*** SOURCE DATA Section Begins ***

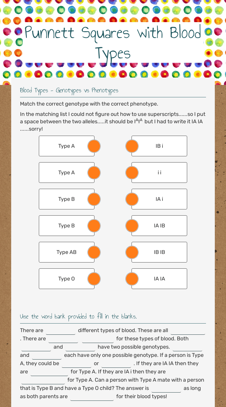 In this worksheet, the students will create punnett squares to determine the likelihood of certain genotypes and phenotypes in monsters. Worksheet that distinguishes between genotype and phenotype. The combination of genes the organism has is called genotype if the . If you don't understand these terms . Genotype= the actual genetic makeup (the genes) of an individual.
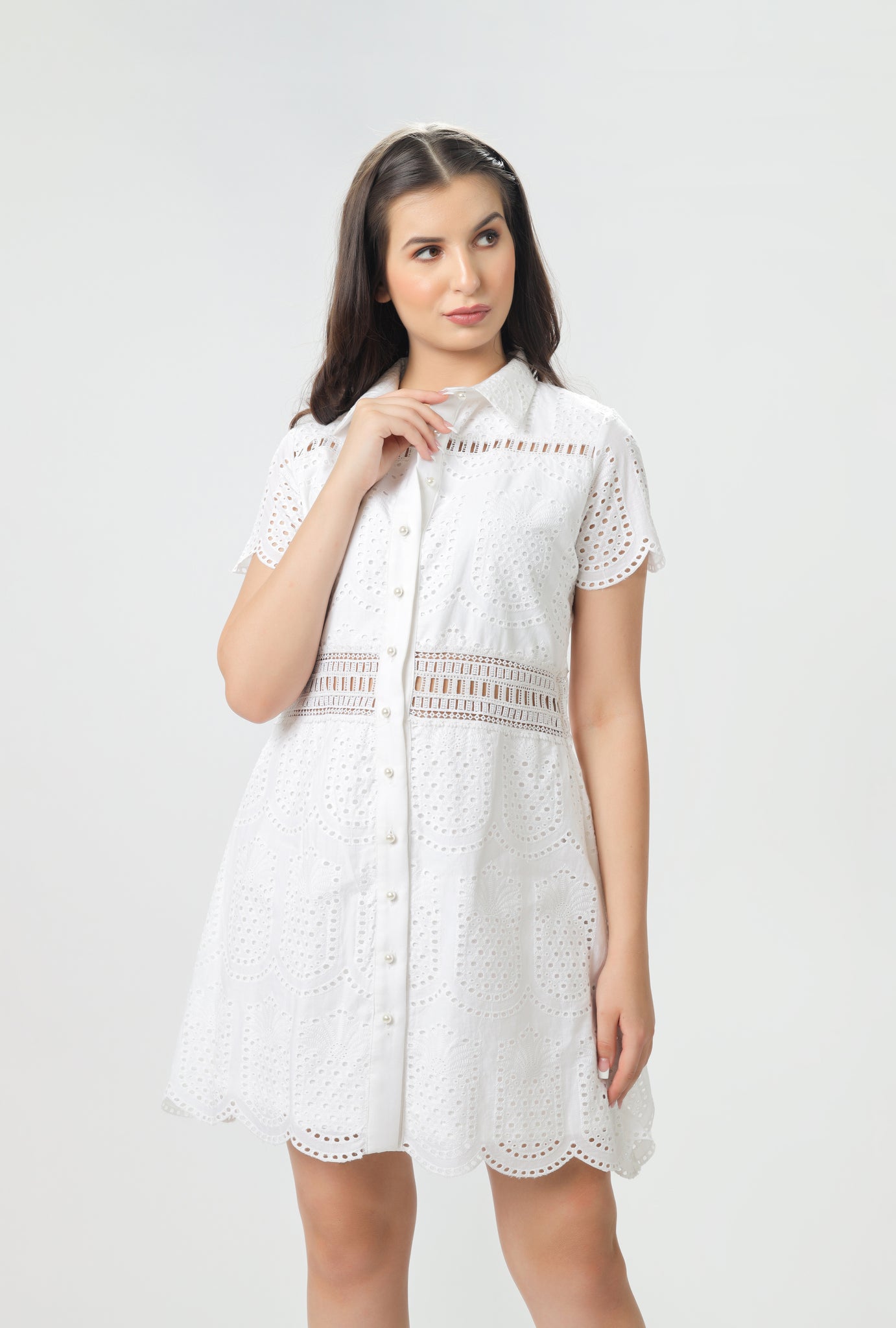 This cotton dress having regular sleeves and buttoned-down detailing looks totally Elegant.! The Lace detailing adds further grace to this outfit.
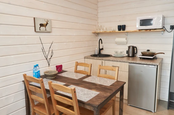 - кухня со всем необходимым (маленький холодильник, чайник, плита с одной конфоркой, микроволновка, посуда для приготовления и приема пищи);
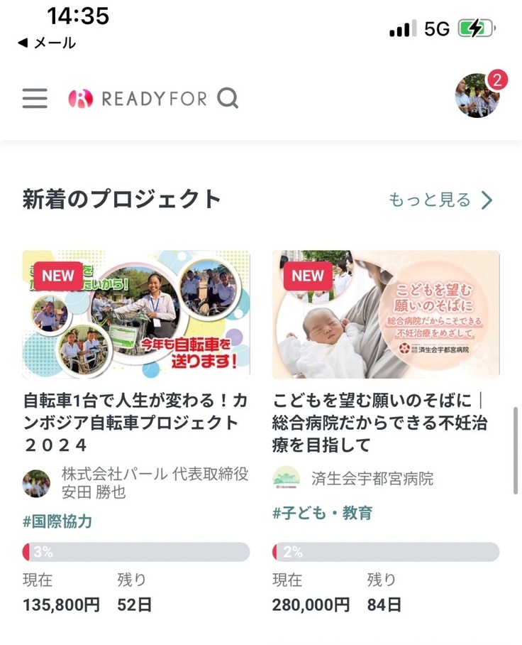 READYFORさんのトップページに「新着のプロジェクト」コーナー、しかも先頭に表示してくれました。数あるプロジェクトからどう選定されるかよくわかっていないのですが、『開始間もないことと、開始時にある程度支援の申し込みがあったプロジェクト』と勝手に推測しております。
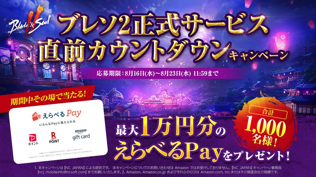 株式会社NCSOFT(韓国 板橋(パンギョ)、代表:金 澤辰(キム テクジン)、以下NC)は、「ブレイドアンドソウル」シリーズ最新作、ソウルアクションRPG『ブレイドアンドソウル2(Blade&Soul2)』に関して、8月16日(水)から事前ダウンロード&事前キャラクター作成が開始されたことや、「ブレイドアンドソウル2」公式イラストコンテストが募集を開始したこと、VTuberポー・ファランの第4回放送が決定したこと、および各種キャンペーンが決定したことをお知らせします。
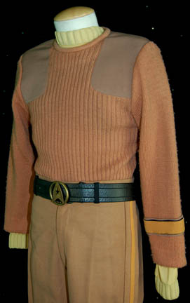 Description: A caramel colored field duty uniform featured in Star Trek V: The Final Frontier for wear by George Takei in his portrayal of “Sulu”. The costume is caramel colored wool trousers with yellow operations division stripes down the outside seams and a matching wool sweater with a yellow division strip on the left sleeve, with a yellow long sleeved uniform undershirt that features a ribbed collar and cuffs. The costume also comes with a black leather belt with a gold colored metal Starfleet emblem buckle for an officer measuring 32-34 inch size and a gold and silver colored metal rank badge with one wire back indicating the wearer to be a ‘commander'. The sweater features a sewn in Paramount tag reading ‘Takei’, the shirt was located separately from the rest of the costume as was the belt. The costume comes with uniform specific Reebok brand name boots colored tan and black with multiple black plastic zip tightenings, size 11, with visible wear due to age. This lot represents the last remaining costume of this style for this character, “Sulu”.
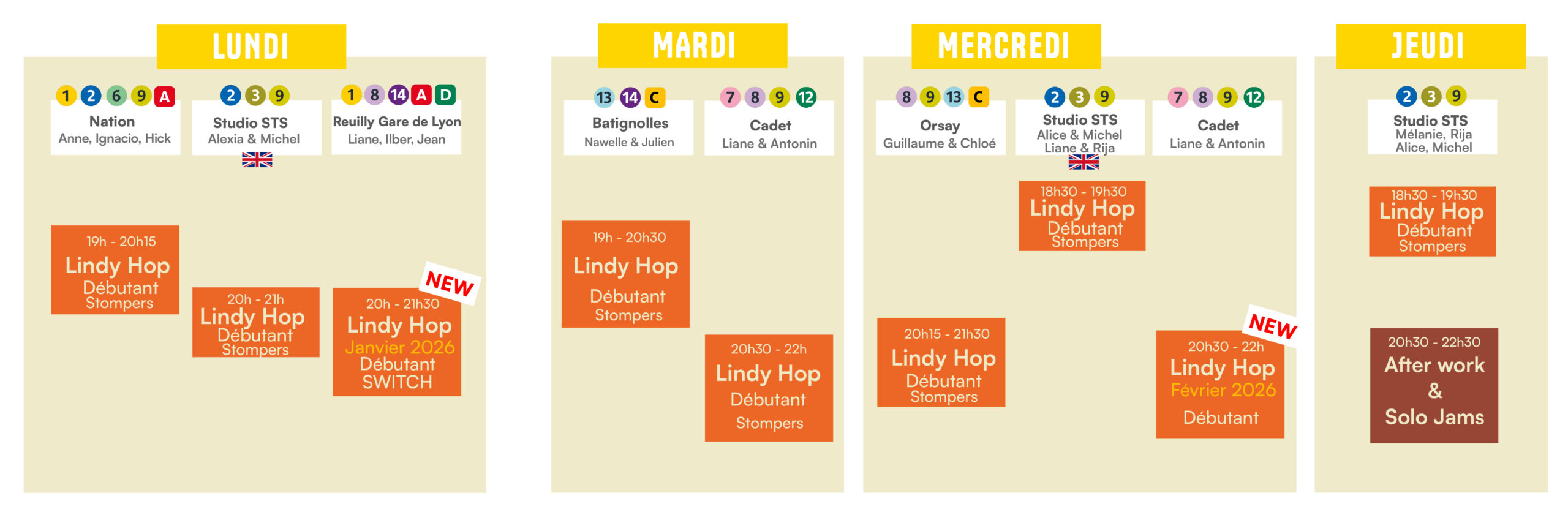 Cette saison, nous vous avons préparé pas moins de 7 niveaux en Lindy Hop et 4 en Charleston Solo. Afin de vous orienter dans un groupe qui vous correspondra au mieux, nous prenons également en compte votre disponibilité pour pratiquer en dehors des cours.

*** SOURCE DATA Section Ends ***

- THE PROBLEM -
Output each line above exactly as it stands, omitting the pictures.

- COMPLETED EXERCISE -
 In this worksheet, the students will create punnett squares to determine the likelihood of certain genotypes and phenotypes in monsters. Worksheet that distinguishes between genotype and phenotype. The combination of genes the organism has is called genotype if the . If you don't understand these terms . Genotype= the actual genetic makeup (the genes) of an individual.
 This cotton dress having regular sleeves and buttoned-down detailing looks totally Elegant.! The Lace detailing adds further grace to this outfit.
 - кухня со всем необходимым (маленький холодильник, чайник, плита с одной конфоркой, микроволновка, посуда для приготовления и приема пищи);
 READYFORさんのトップページに「新着のプロジェクト」コーナー、しかも先頭に表示してくれました。数あるプロジェクトからどう選定されるかよくわかっていないのですが、『開始間もないことと、開始時にある程度支援の申し込みがあったプロジェクト』と勝手に推測しております。
 株式会社NCSOFT(韓国 板橋(パンギョ)、代表:金 澤辰(キム テクジン)、以下NC)は、「ブレイドアンドソウル」シリーズ最新作、ソウルアクションRPG『ブレイドアンドソウル2(Blade&Soul2)』に関して、8月16日(水)から事前ダウンロード&事前キャラクター作成が開始されたことや、「ブレイドアンドソウル2」公式イラストコンテストが募集を開始したこと、VTuberポー・ファランの第4回放送が決定したこと、および各種キャンペーンが決定したことをお知らせします。
 Description: A caramel colored field duty uniform featured in Star Trek V: The Final Frontier for wear by George Takei in his portrayal of “Sulu”. The costume is caramel colored wool trousers with yellow operations division stripes down the outside seams and a matching wool sweater with a yellow division strip on the left sleeve, with a yellow long sleeved uniform undershirt that features a ribbed collar and cuffs. The costume also comes with a black leather belt with a gold colored metal Starfleet emblem buckle for an officer measuring 32-34 inch size and a gold and silver colored metal rank badge with one wire back indicating the wearer to be a ‘commander'. The sweater features a sewn in Paramount tag reading ‘Takei’, the shirt was located separately from the rest of the costume as was the belt. The costume comes with uniform specific Reebok brand name boots colored tan and black with multiple black plastic zip tightenings, size 11, with visible wear due to age. This lot represents the last remaining costume of this style for this character, “Sulu”.
 Cette saison, nous vous avons préparé pas moins de 7 niveaux en Lindy Hop et 4 en Charleston Solo. Afin de vous orienter dans un groupe qui vous correspondra au mieux, nous prenons également en compte votre disponibilité pour pratiquer en dehors des cours.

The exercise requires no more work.